DATA »
———
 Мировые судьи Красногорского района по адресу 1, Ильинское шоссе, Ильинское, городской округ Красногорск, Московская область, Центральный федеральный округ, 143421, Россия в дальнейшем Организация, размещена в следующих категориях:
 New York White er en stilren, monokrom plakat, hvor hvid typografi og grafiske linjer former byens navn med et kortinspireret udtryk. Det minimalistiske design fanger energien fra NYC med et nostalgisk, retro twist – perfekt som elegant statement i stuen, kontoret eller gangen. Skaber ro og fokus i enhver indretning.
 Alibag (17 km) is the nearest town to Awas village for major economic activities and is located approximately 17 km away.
———
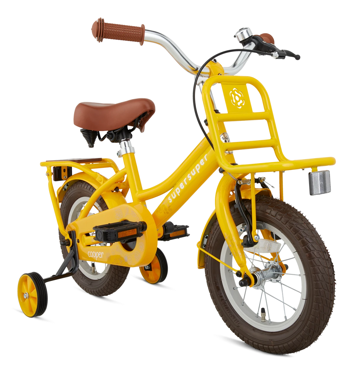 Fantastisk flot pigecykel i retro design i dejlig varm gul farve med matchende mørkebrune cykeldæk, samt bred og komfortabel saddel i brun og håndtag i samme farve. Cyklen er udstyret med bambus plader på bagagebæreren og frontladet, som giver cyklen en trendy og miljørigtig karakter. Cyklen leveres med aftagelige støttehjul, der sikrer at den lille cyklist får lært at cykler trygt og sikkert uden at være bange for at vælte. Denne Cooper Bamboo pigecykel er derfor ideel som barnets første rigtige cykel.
———
WHAT TO PRODUCE » Beginning at the line above that contains "New York White", return each line exactly through the line that contains "Alibag (17 km)", and no others.

WRITTEN SOLUTION »
 New York White er en stilren, monokrom plakat, hvor hvid typografi og grafiske linjer former byens navn med et kortinspireret udtryk. Det minimalistiske design fanger energien fra NYC med et nostalgisk, retro twist – perfekt som elegant statement i stuen, kontoret eller gangen. Skaber ro og fokus i enhver indretning.
 Alibag (17 km) is the nearest town to Awas village for major economic activities and is located approximately 17 km away.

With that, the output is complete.